Loving and Hating Twitter
I’m becoming more of a fan of Twitter as more of my offline friends join up. (You may recall my discussion about this in my post, “Twitter suddenly becomes relevant“)
I find myself both loving Twitter for its updatey brevity and hating it for it’s annoyingness. (Yes, it’s a word) I thought I’d share some of my loves and hates about the way people post on Twitter. Not much point, I know, but perhaps you have the same reactions and we can help each other through.
Loves
- Personal information. What are you thinking? How’s your day? Share a bit of your pysche! Example: “My grandfather was a radioman in WW2. My dad gave me his training manual last Xmas. I only knew him when he was very sick and I was little.”
- A view into other people’s discussions. Example: ” wow this new keyboard rocks!! @purplelime you are really gonna like it!”
- Sharing of things that are interesting, but too short for any other context. Example: “wow you really have to see those new iMacs in person, they are awesome, I want a new keyboard” Cool! “Common Craft” just got a delivery from 1800 flowers. a pomegranate bonsai. no card or name. Thank you Internets!”
Hates
- People who Twitter in third person. Example: “JimBob is feeling lonely after his parapet left his side”
- Not thinking about the stream, using Twitter stream to communicate a specific message to a specific person. Take it to email, punk. Example: “not sure jesse, mine seems to working fine. are you spelling it right?!!”
- Overload. Seriously, we don’t need to know absolutely everything you’re thinking/feeling/doing. Sometimes a little mystery is a good thing. Ask Scooby. Example: “I’m eating a piece of fudge.”
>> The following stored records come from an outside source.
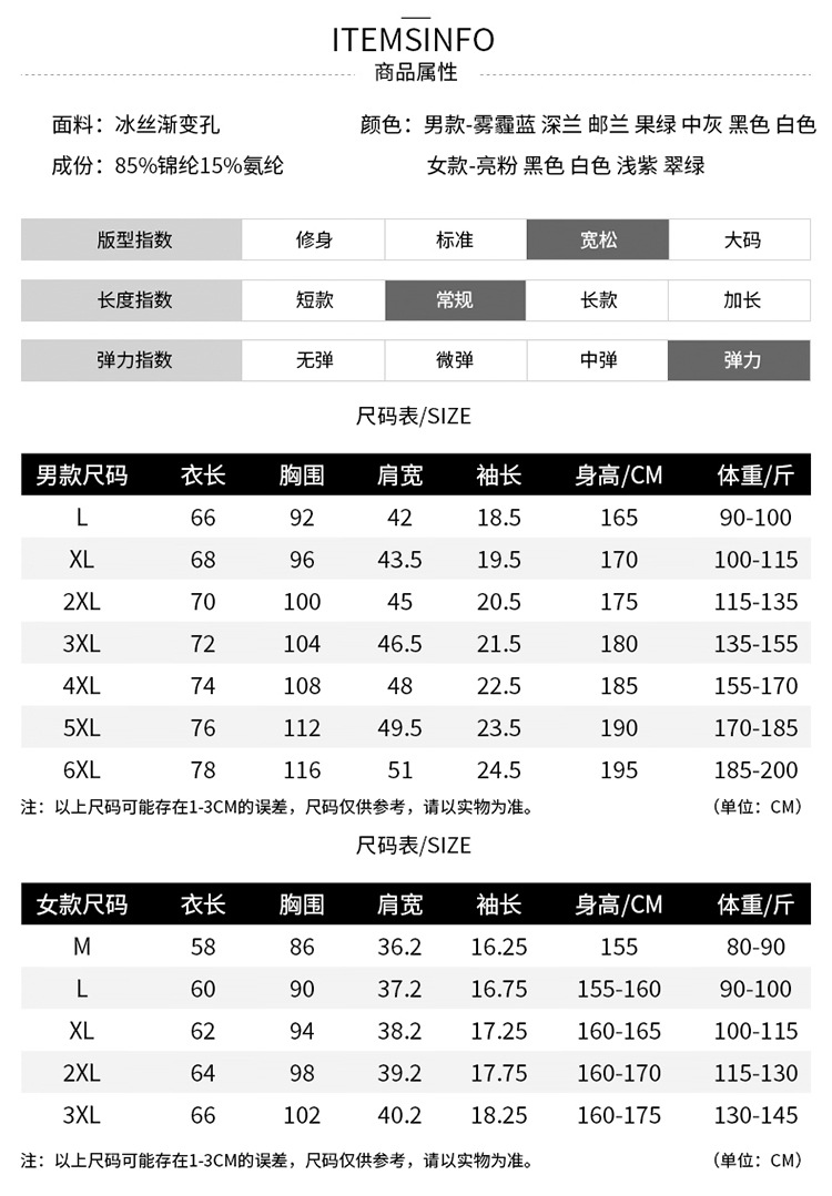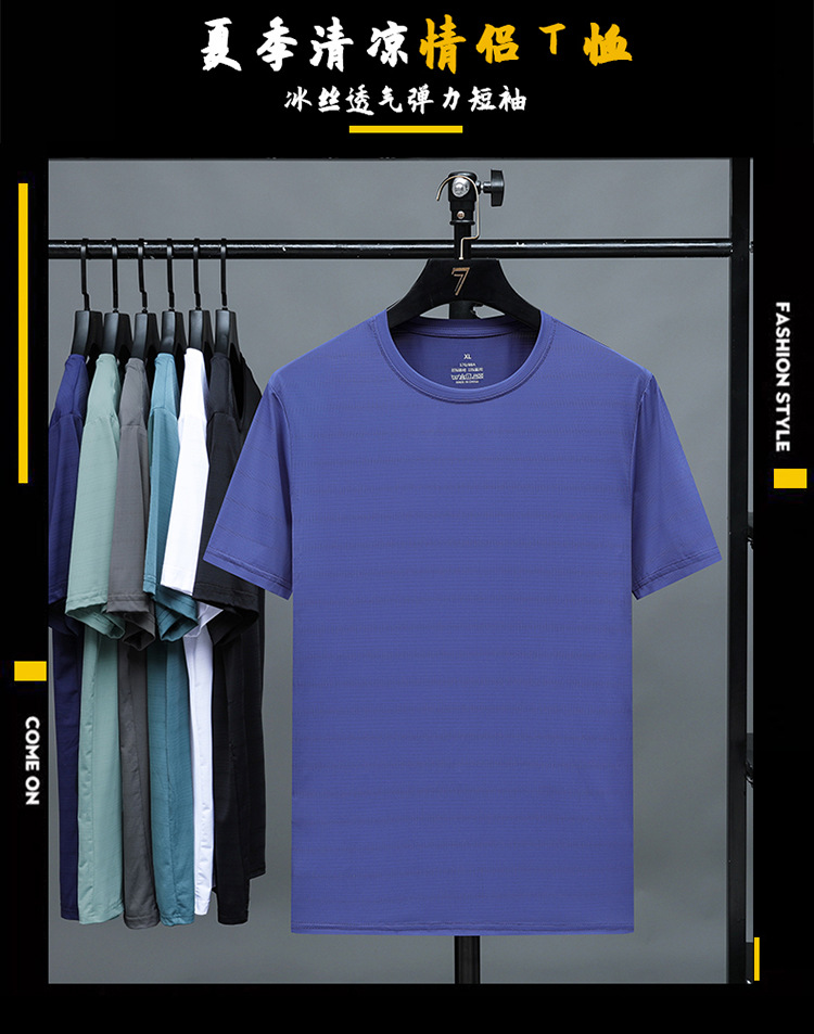 男女兼用バタフライネットラウンドネックアイスシルク無地夏ランニングボリュームナイロンスパンデックス速乾性高弾性ルーズ大きいサイズカジュアル半袖
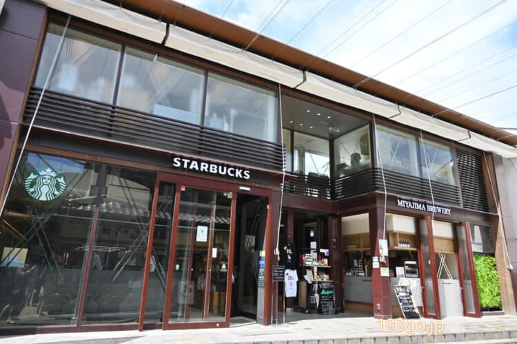 スタバの店舗は、厳島神社に通じる表参道商店街にある。
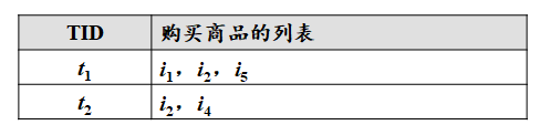 事务数据库(transactional databases)D={t1,t2,…,tn}是一个事务(transaction)的集合,每个事务ti(1≤i≤n)都对应I上的一个子集,其中ti是事务的唯一标识,i表示事务的序号。
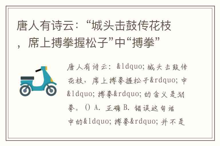 唐人有诗云:“城头击鼓传花枝,席上搏拳握松子”中“搏拳”的含义是划拳。() A. 正确 B. 错误
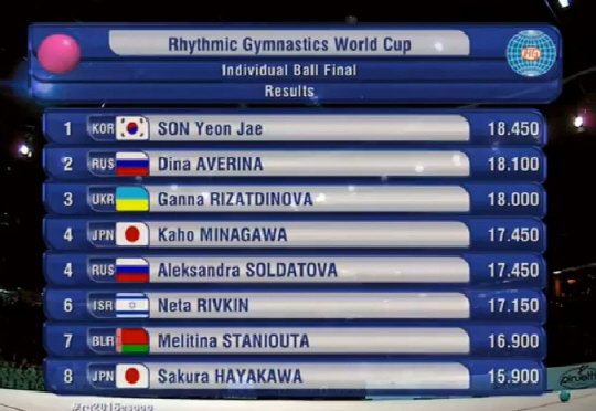 이어진 볼에선 리잣티노바가 첫번째로 매트 위에 섰다. 실시에서 8.9점에 그치며 18.000점을 받았다. 세번째로 등장한 손연재는 완벽한 연기를펼쳐보였다. 영화 '대부'의 삽입곡인 '팔라 피우 피아노(Parla Piu Piano)'에 맞춰. 애절한 느낌을 살린 표현력에 집중했다. 푸에테 피봇, 밸런스 난도의 발끝은 정확했다. 좋은 점수를 예감한 손연재는 주먹을 꽉 쥐며 자신감을 표했다. 키스앤드 크라이존에서 옐레나 니표도바 코치와 기대에 찬 표정으로 점수를 기다리던 손연재가 환호했다. 18.450점을 찍었다. 종목 개인 최고점이었다. 모스크바그랑프리에서 기록한 18.383점을 받았고, 이번 대회 개인종합 예선에서 18.350점을 받았었다.
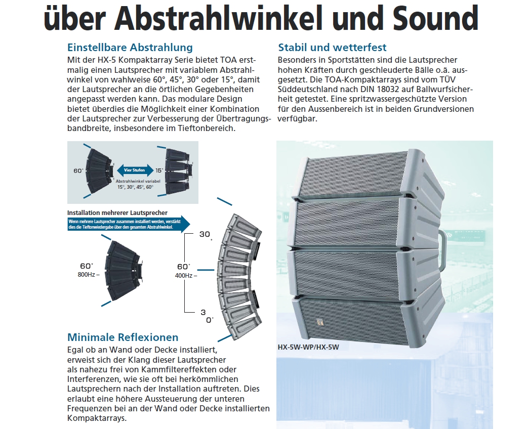 - Gegen Aufpreis auch als 100V ELA Anlage erhältlich für Kabelstrecken bis 700m.

- Running tally of your daily schedule. Example: “Good morning, Twitterland.” or Example: “I’m going to bed, see you tomorrow Tweety friends!!”
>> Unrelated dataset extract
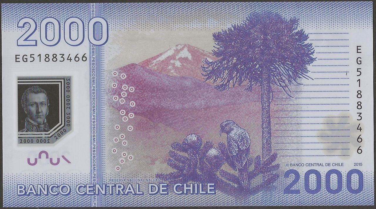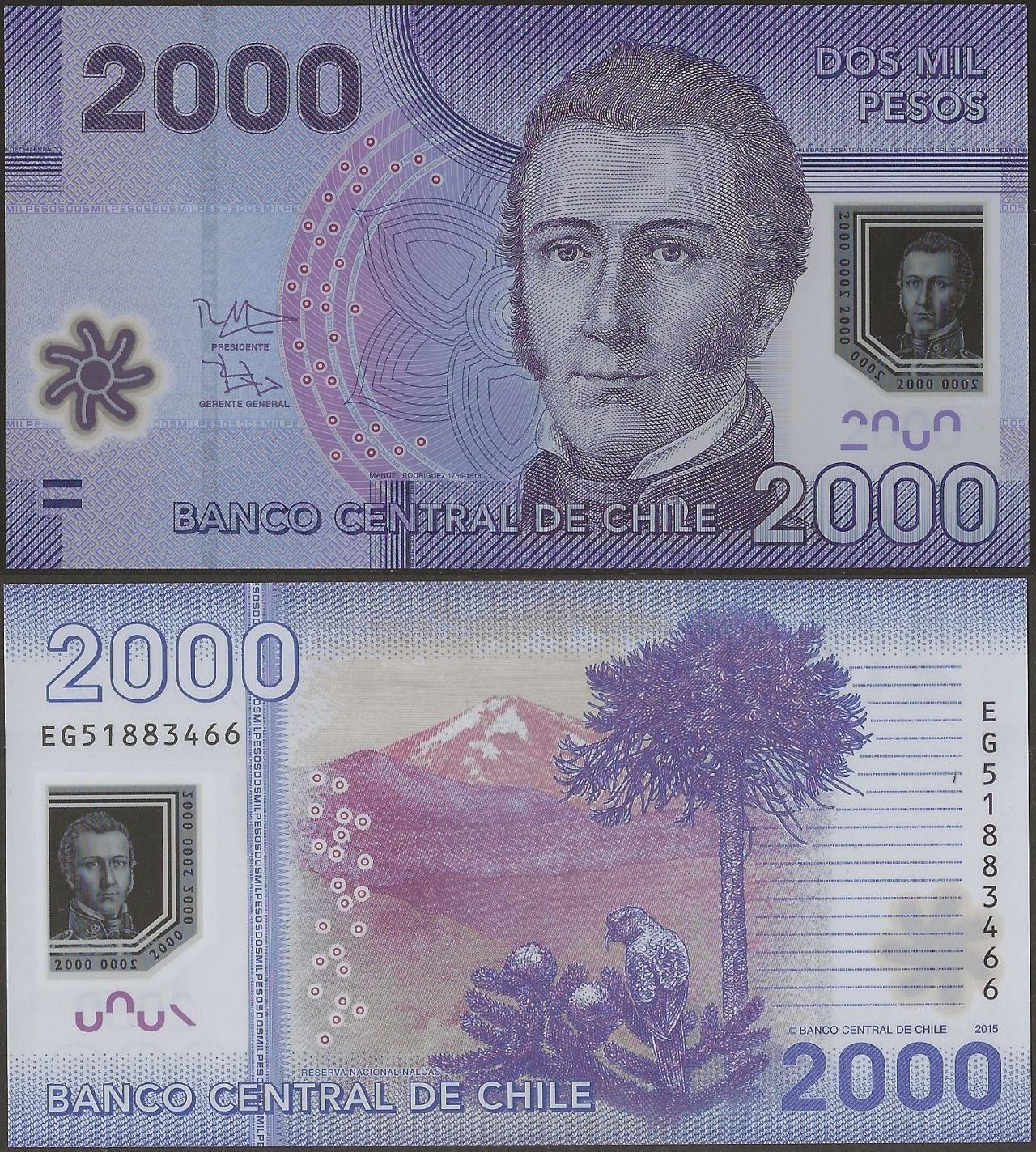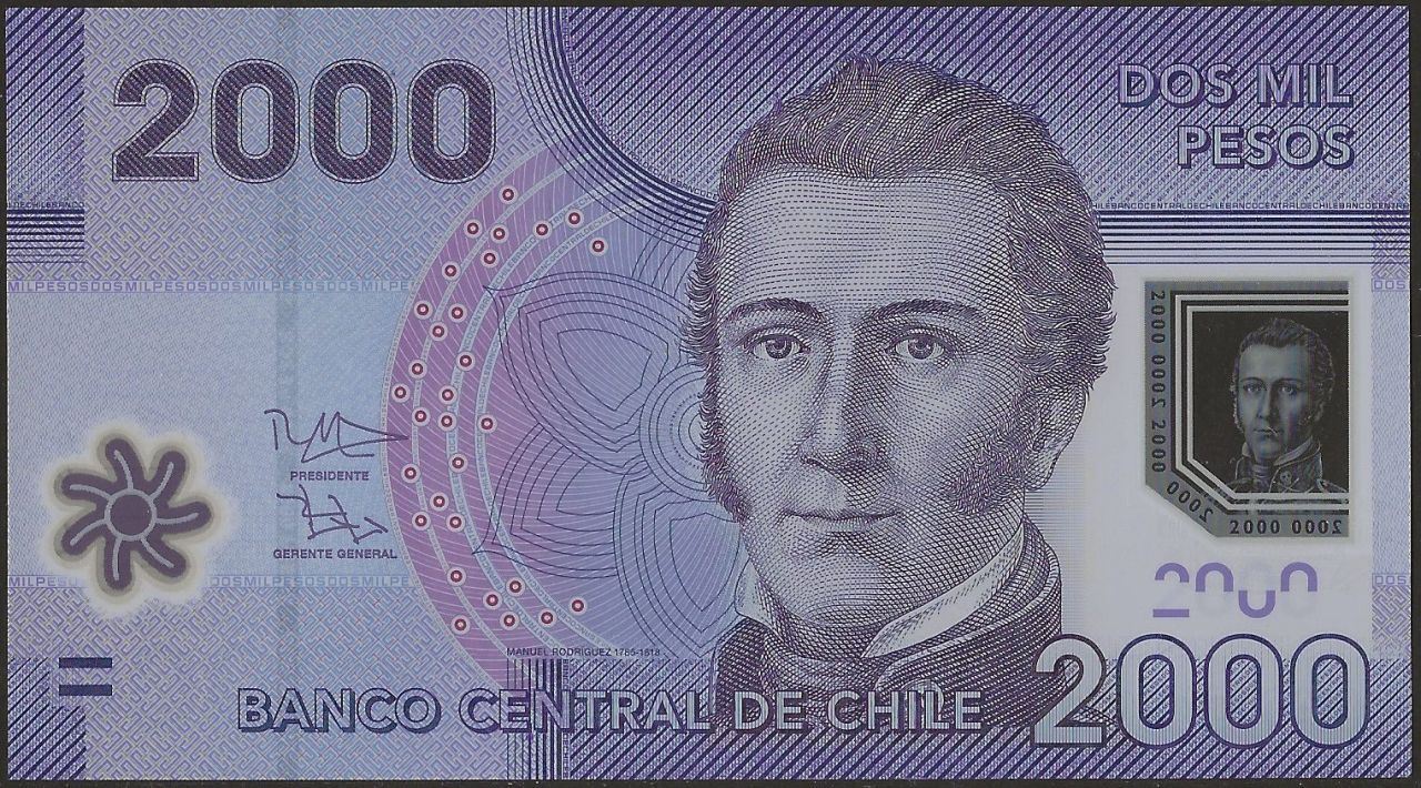 F: Spanish text; stylized sun in red-to-gold OVI; stylized corazón del copihue (heart of Chilean bellflower); lawyer and guerrilla leader, Manuel Rodríguez Erdoíza; denomination as registration device.

Yes, I know that Twitter is a subjective thing, and as such my loves/hates may be completely different than yours. But there are mine… what you about you?








I disagree on the “I’m eating a piece of fudge.” criticism. Those moments embed more meaning in personal circles than they might just looking at it out of context. I like the minutia for two reasons. First, because I keep my twitter stream to just those people I know (online and off), the meaning-making isn’t diluted and the interruptions are manageable. The second reason is due to the way I interact with Twitter: almost exclusively through Twitterrific. The desktop app brings me each tweet in a gentle, pleasant way and then goes away. No further interaction required. That makes a huge difference.
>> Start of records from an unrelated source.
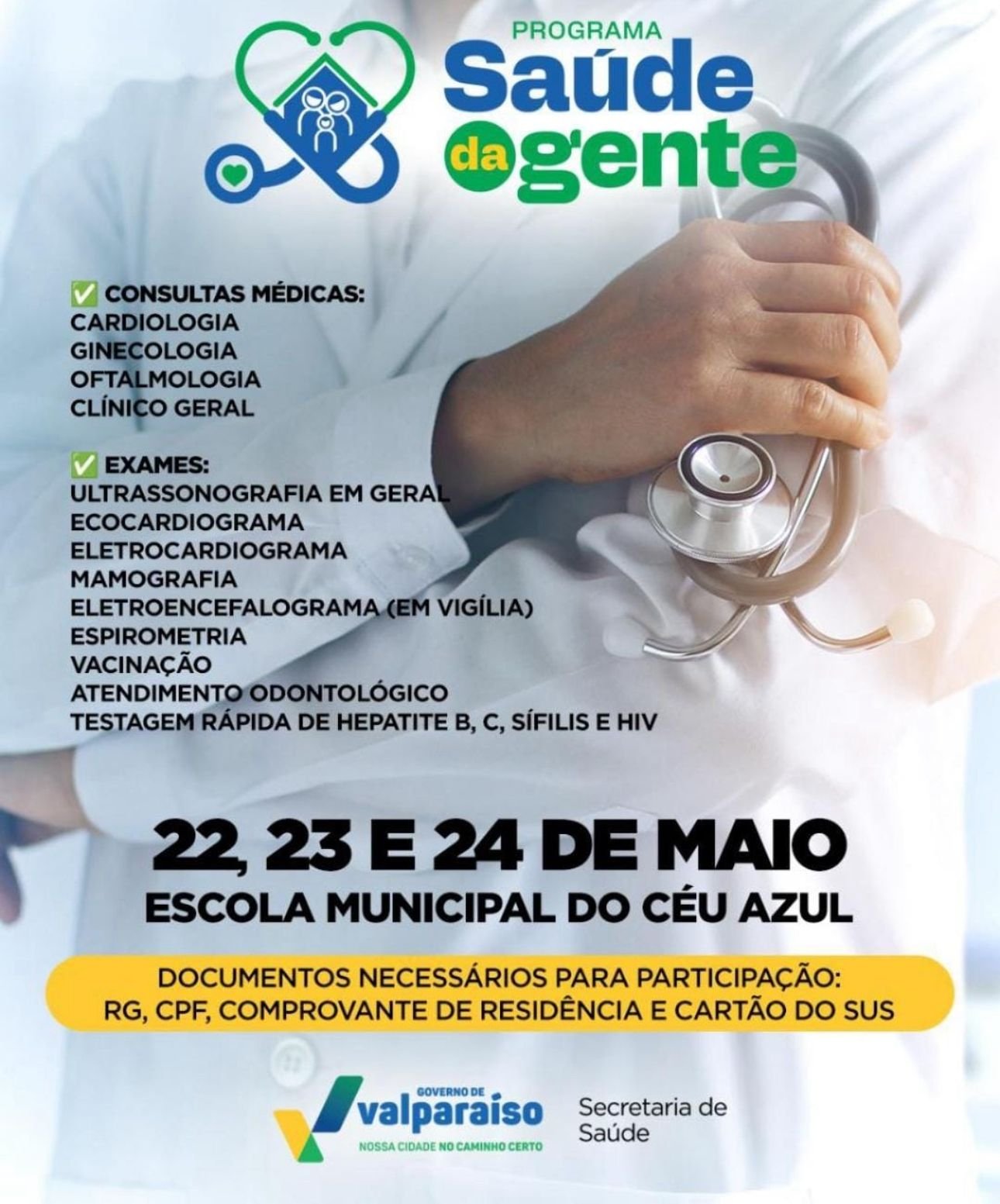 Mais uma edição do Programa Saúde da Gente, acontecerá na próxima semana, nos dias 22, 23 e 24, em Valparaíso de Goiás. O Programa é uma iniciativa itinerante e tem o objetivo de levar serviços de saúde diretamente aos bairros da cidade, promovendo acesso ágil e humanizado à população.
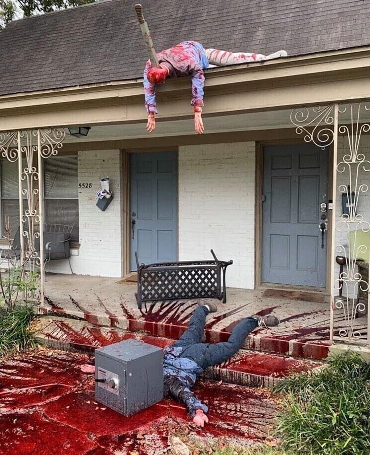 На нынешний Хэллоуин он изготовил несколько кукл в человеческий рост: одной размозжило голову сейфом, в спине другой застряла бензопила, третья оказалась в мусорном мешке, а четвертая осталась на крыше с пробитой головой. Всю эту инсталляцию он полил 75 литрами искусственной крови.
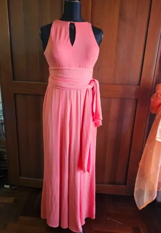 Elegante tuta lunga color corallo, perfetta per occasioni speciali. - Scollo a V con dettaglio cut-out. - Cintura in vita con drappeggio. - Tessuto fluido e leggero.
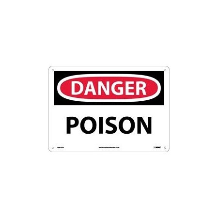 NMC GD463RB OSHA Sign, Legend "DANGER - POISON", 14" Length x 10" Height, Glow Rigid, Black/Red on White
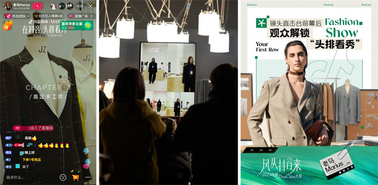 諸如第一視角走秀、一鏡到底臺前幕后等設(shè)計,更是讓抖音直播間的觀眾仿佛坐在大秀頭排。

I’m not a big fan of Tweets being used as lengthy discussion, but it is a nice effect that Twitter allows someone to post how they are feeling or ask a question and have responses from those who read it. These tweets ideally should stand alone to some degree, particularly because the other value is to look at the individual posts as an individual stream, to see a chronicle of your own life. The responses tend to lose context quickly.